Dr Winford James
There was a time, especially early in his first administration, when PM Rowley led the charge for local government reform. He boosted the efforts of Local Government Minister Franklin Khan (since deceased) who went around Trinidad collecting ideas and views on how to do the reform. Then suddenly–and, to me, inexplicably–he stopped, and I thought that, perhaps critically because the Government could not get its way with the property tax, he had washed his hands and called that George.
But it is now clear to me that work on the reform was quietly going on behind the scenes when I thought he had taken it off the stove.
The events that tell me this include 1) the formation in 2021 of a Joint Select Committee of the Parliament to come up with a draft bill; 2) debate on that bill by both Houses in 2021; 3) assent by the President to the act on July 1, 2022; and 4) proclamation of the act by the President on the official date of November 8, 2022.
The act, short-titled the Miscellaneous Provisions (Local Government Reform) Act, 2022, amends the Municipal Corporations Act, Chap 25:04 and 9 other acts in order, ostensibly, to reform local government in Trinidad via the corporations. It invites the assumption that it is going to lead to improvement of the quality of governance in the corporations and, by extension, Trinidad, and Trinidad and Tobago. But it does not lay out the ways in which the improvement will come.

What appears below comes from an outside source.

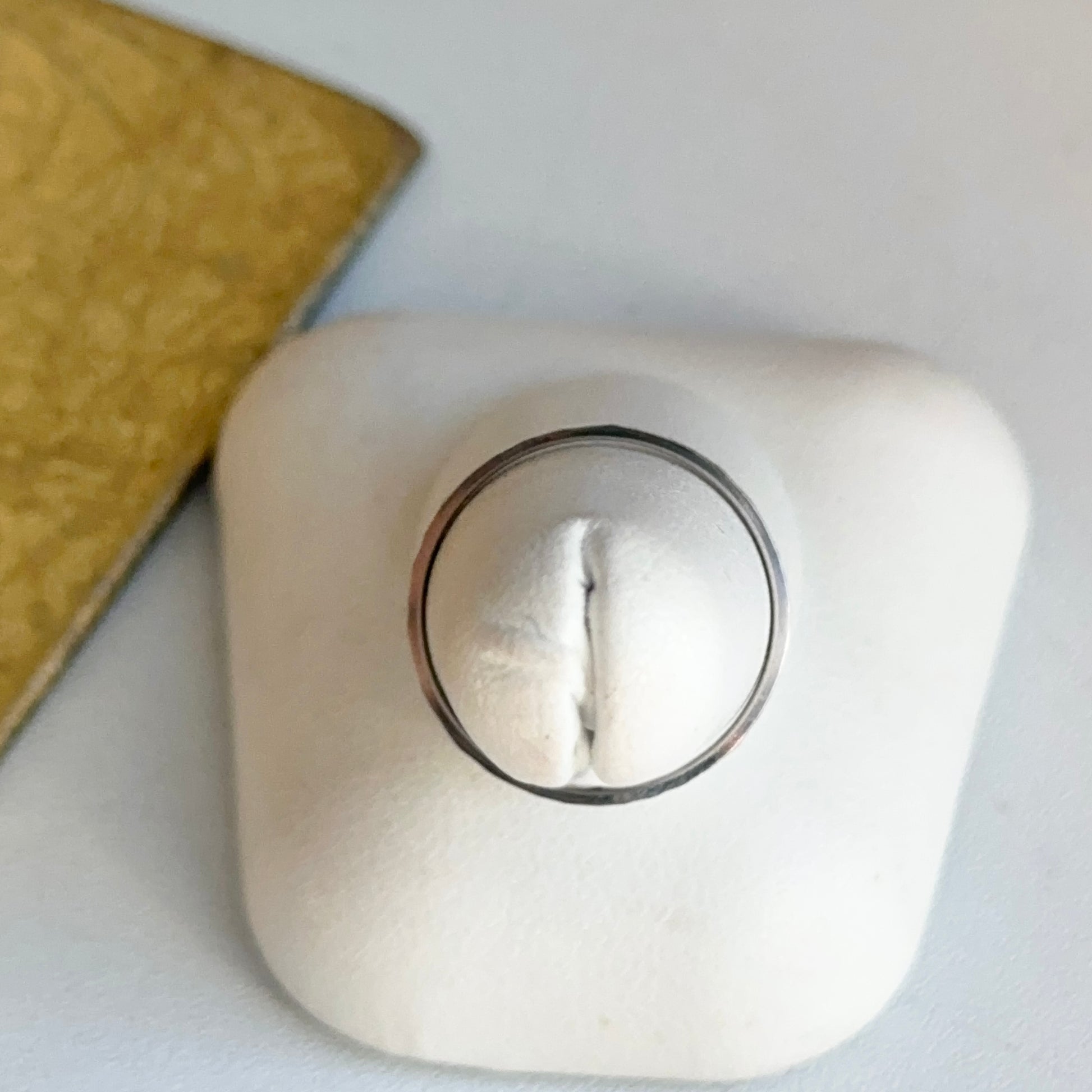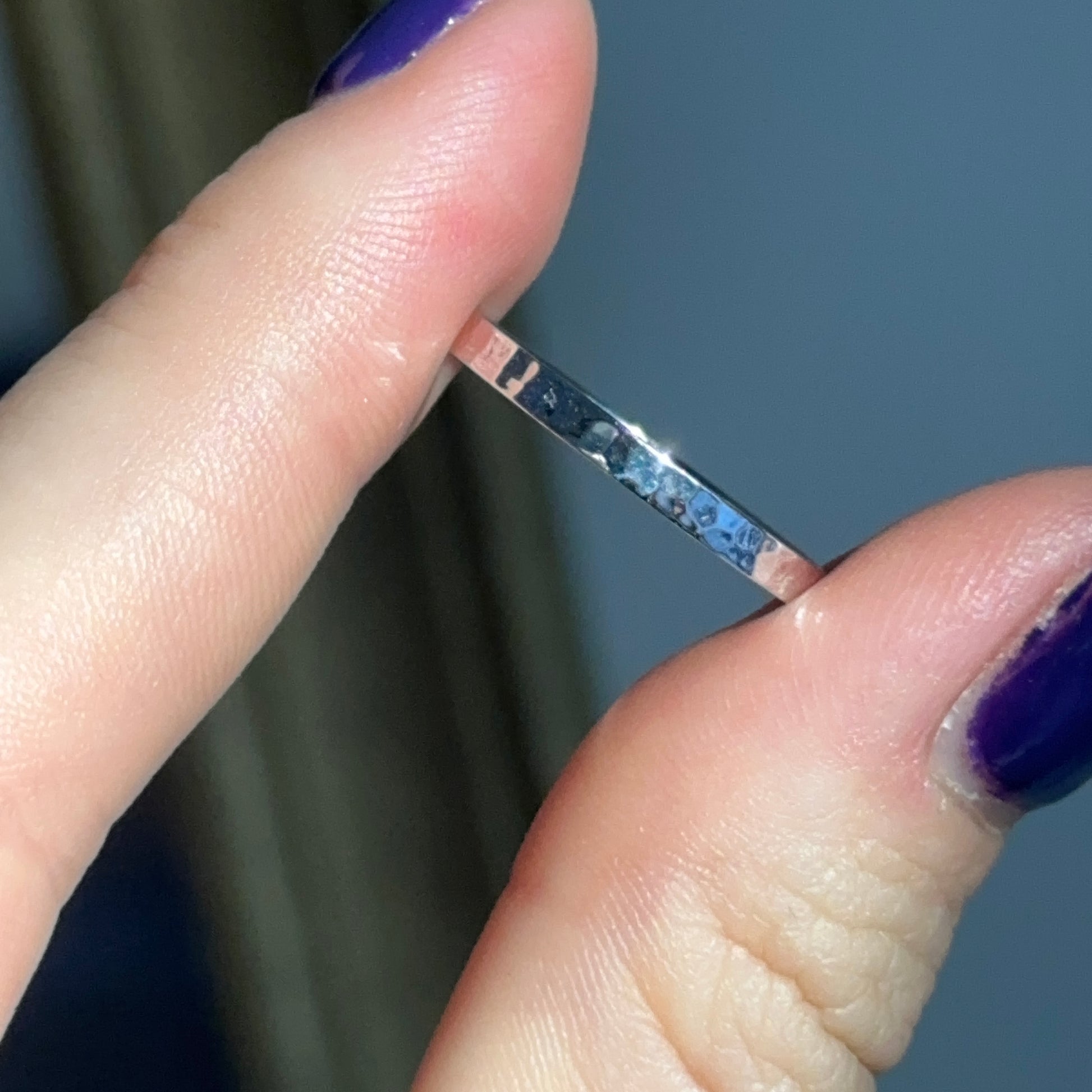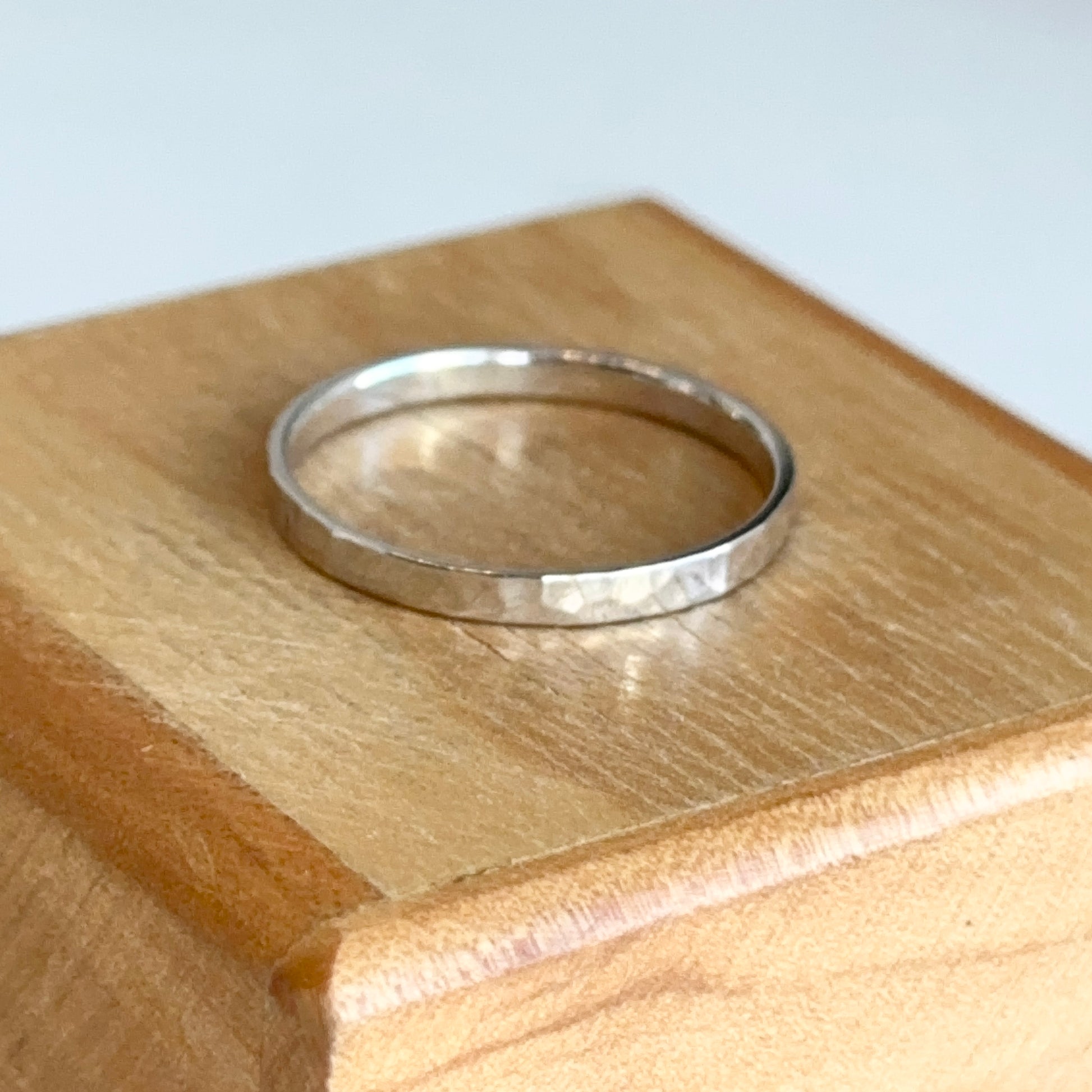 10K white gold hammered-effect thin band ring. Perfect for stacking and layering!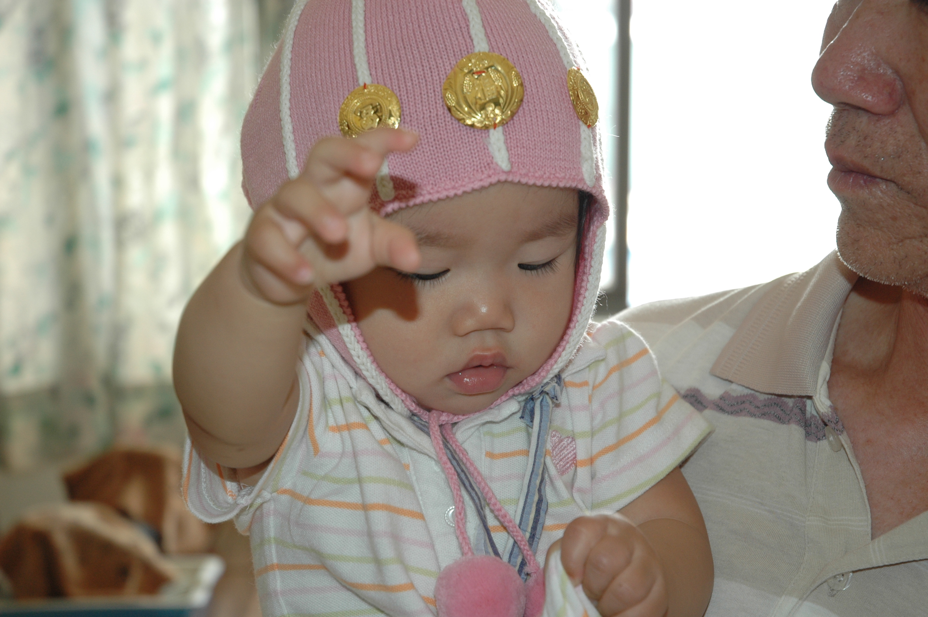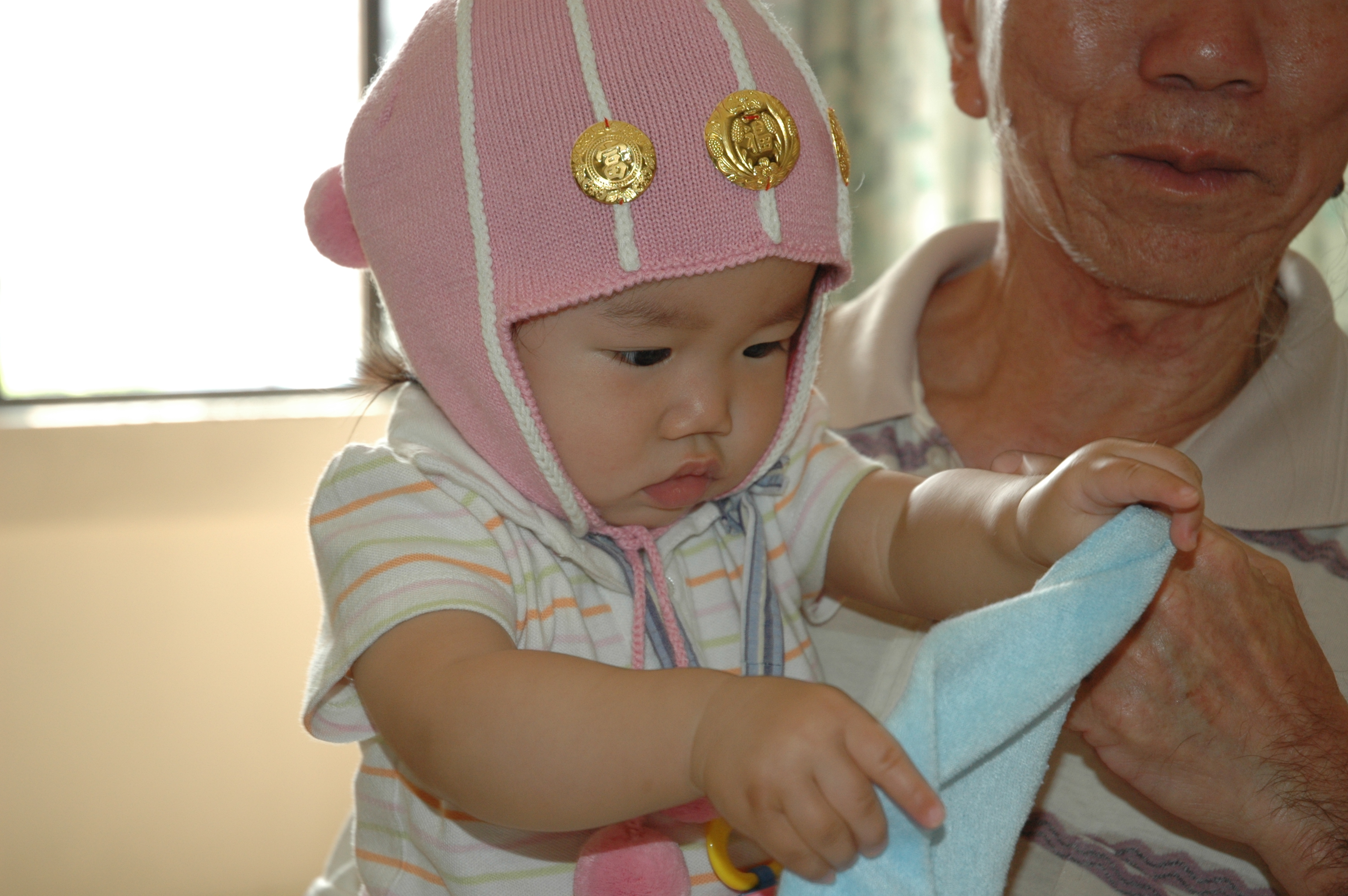 大舅媽等著要和Felicia照相, 可是數了好多的饅頭呢

I would have wanted the Government to explain to the public that the act contains the instruments to empower the various corporations to create much-needed change in the way the latter and the country as a whole are run. But I anticipate the retort that they did that in the debate in Parliament and, before the debate, in exchanges between themselves and certain interest groups and individuals whom they directly and indirectly addressed on the matter of commentary on the reform.
I did not seize the opportunity of the general call for ideas in 2021 as I was expecting the JSC to 1) seek the input of the general public in town hall meetings in suitably located meeting spots, and 2) come to Tobago since the views of residents in the island must be important and relevant to any reform of government in the nation of Trinidad and Tobago.
But the powers-that-be do not conceptualise governance in that way. They seem to think that Tobago’s views on the matter must be confined to governance by the House of Assembly and, in some ill-defined way, to the country as a whole, and that Trinidad’s views must stick to governance by the corporations and, also in some ill-defined way, to the country as a whole.
Interestingly, in line with what Dr Rowley promoted in the early days of his first tenure as the model for the new governance model for the corporations, the proclaimed model borrows ideas from the THA Act. One of the interesting changes is four-year terms of office instead of three-year terms.
Some of the other changes are:
Creation of divisions like the THA Divisions to handle areas of administrative responsibility led by elected officials;
Replacement of the office of ‘City/Town Clerk’ with that of ‘Chief Executive Officer’;
Creation of an Executive Council comprising a Mayor, a Deputy Mayor and no more than six councillors/aldermen who will be called secretaries and be in charge of divisions just as is the case in the THA;
Creation of an Executive Council headed by an appointed Chief Executive Officer;
Making the Chief Executive Officer the ex officio Secretary of the Executive Council;
Creation of an Audit Committee–composed of two members appointed by the mayor, one member nominated by the minority members, two members from Civil Society or one from Civil Society and one from the Central Audit Unit of the Ministry of Finance appointed by the mayor–charged with providing ‘independent assurance and advice to the council in a number of areas, including risk management, internal audit, financial statements, and compliance requirements.
One big question for me is whether the Government consulted broadly enough on this matter of local government reform for Trinidad. I don’t think so. Nobody I have talked to, whether of high or low education, is aware of the provisions for reform, and this fact may suggest that their view did not count. Another big question is whether and how the provisions fit into the overall scheme of governance of the country.
But that is a matter for another day.